В своей традиционно лаконичной манере Ньето объяснил присутствующим, что максимальное соблюдение тайны смерти как доньи Кармелиты, так и самого падре – в их общих интересах и что надо будет обставить трагедию как попытку падре Мануэля изгнать вселившихся в донью Кармелиту бесов, поэтому хоронить его как самоубийцу категорически нельзя.
– Вы хотите представить сумасшедшего героем? – брезгливо поморщившись, спросил мэр Родригес. – И это тогда, когда город переполнен слухами?
– Вот и опровергнем их, – коротко ответил Ньето.
– А на колокольню кто его потом загнал? Те самые бесы, которых он предварительно столь успешно одолел? – поинтересовался судья Моралес.
– Они и загнали, – не моргнув глазом, ответил Ньето. – Бесы, я имею в виду.
– Ах, бесы… – иронически хмыкнул судья.
– Есть иные предложения? – поинтересовался Ньето. – Или кто-нибудь здесь может оспорить мои доводы? Это же народ. Он ждёт ответа от власти. Официального ответа о судьбе их любимого священника.
– Похоже, с моим мнением тут никто не считается, – подал голос прокурор Лопес. – Но даже если это так, я его выскажу. Вы решили поиздеваться надо мной? Это я вам говорю, наш многоуважаемый начальник нашей многоуважаемой полиции. Вы собрались хоронить нечестивца и убийцу моей жены как героя?
– Вам, видимо, позарез хочется заполучить сюда комиссию по расследованию? – парировал Ньето, стоя в центре кабинета прямо напротив утонувшего в большом неудобном кресле прокурора. – Достаточно одной журналистской заметки, чтобы начался шум. И вообще, скажите спасибо, Лопес, что Интернет в нашем городишке пока востребован лишь извращенцами. Вы собираетесь похоронить падре Мануэля как самоубийцу в городе, где все любили и уважали его и, наоборот, прятались кто куда при встрече с вашей супругой? Вы видели цветы и свечи на площади? Если нет – советую посмотреть. Оставьте для речей в суде ваши изысканные словосочетания, а мы в это время подумаем, как обрубить все концы. За вас и вместо вас подумаем, между прочим.
II
Когда Ньето высказывал свою точку зрения на похороны, Мигеля Фернандеса в кабинете не было. Не выносивший сигарного дыма мэр строго-настрого запрещал курить в помещении, и Мигель был вынужден время от времени выскакивать на просторный, огороженный свежевыкрашенными балясинами балкон. С начала совещания он делал это уже в четвёртый раз. И не только потому, что хотел курить, а потому, что его сильно раздражали тупые ублюдки, пыжившиеся там, в тиши кабинета, в своих просторных креслах.
Кроме Ньето, разумеется.
«Единственный мужик в городе, кроме меня», – в который раз подумал о начальнике полиции Мигель и, облокотившись о балконное ограждение и попыхивая сигарой, отдался любимому в последнее время занятию – грёзам о маленьком гринго.

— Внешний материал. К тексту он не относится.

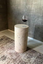 Traverten Görünümlü Polyester Yan Sehpa
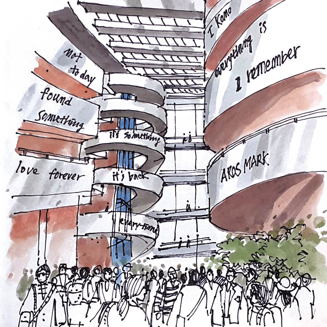 ARoS 미술관 ARoS 미술관은 시청 근처에서 가깝다. 52m*52m의 정방형 평면으로 붉은 벽돌로 구성된 견고한 외관은 매우 단순한데 머리 위에 독특한 색상의 원형 프레임을 얹고 있어서 인상적이다. 자세히 보면 그 묘한 프레임 안에는 움직이는 사람들이 있어 호기심을 자극한다. 이름하여 '레인보우 파노라마(Rainbow Panorama)'라는 올라퍼 에리아슨의 설치미술 작품으로 미술관의 하이라이트다. 복도 폭 3m, 지름 52m, 둘레길이 150m, 원형 밴드는 무지개 색상의 컬러 유리로 마감되어 현란한 판타지 속에서 오르후스의 도시 전체 360°를 조망할 수 있다. 도시에 색과 아름다움을 덧입혀 써클을 한 바퀴 도는 동안 초현실 같은 체험이 가능한데 가히 신비롭고 감동적이다. 건축과 미술의 경계에 서 있는 공공 설치미술은 걷는 사람들조차 설치미술의 움직이는 한 부분으로 존재한다.

«Мы с тобой в Голливуде. Идём по красной дорожке, ты артист, ещё юный, но уже сыгравший свою главную роль, я, разумеется, твой агент, тебя выдвинули на „Оскар“, ты машешь рукой восторженным фанатам, они в ответ рвут полицейское оцепление. Я даю интервью, журналисты беспрерывно снимают нас на камеры, вокруг нас – дюжина громадных ниггеров-охранников. Ты бросаешь на меня мимолётный взгляд и в ответ ловишь мой, полный любви к тебе».

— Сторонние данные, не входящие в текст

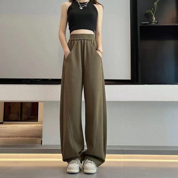Женские серые ретро спортивные штаны с высокой талией - Весенне-летне-осенние повседневные свободные широкие брюки-бананы X-Large армия зеленый

Вновь, как часто в последнее время, пришла мысль о похищении – и вновь не обрадовала его. Похищение маленького гринго с целью совместного проживания автоматически ставило целый ряд неотложных и весьма хлопотных проблем, к решению которых Мигель, по крайней мере пока, был не готов.
«Это же не гражданский активист, чтобы тихо убрать его и забыть», – думал он, понимая, что решения лучше, чем классическое усыновление, нет и вряд ли будет.
– Прикончишь Гонсало – и всё, – шепнул ему Ньето, когда Мигель в очередном разговоре поделился с ним своими переживаниями.
– А вместе с ним и Инеситу, – усмехнулся Мигель.
– Конечно, – не раздумывая, сказал Ньето. – Какие проблемы, парень?
– И правда! Что за проблемы?! – саркастически сказал Мигель. – Муж и жена гибнут, ну да, в автомобильной аварии, но тем не менее гибнут, а какой-то Мигель Фернандес тут же предъявляет права на американского белого ребёнка. А если гринго пронюхают? А дон Гаэль?! И у Гуттьересов, кстати, есть дочь.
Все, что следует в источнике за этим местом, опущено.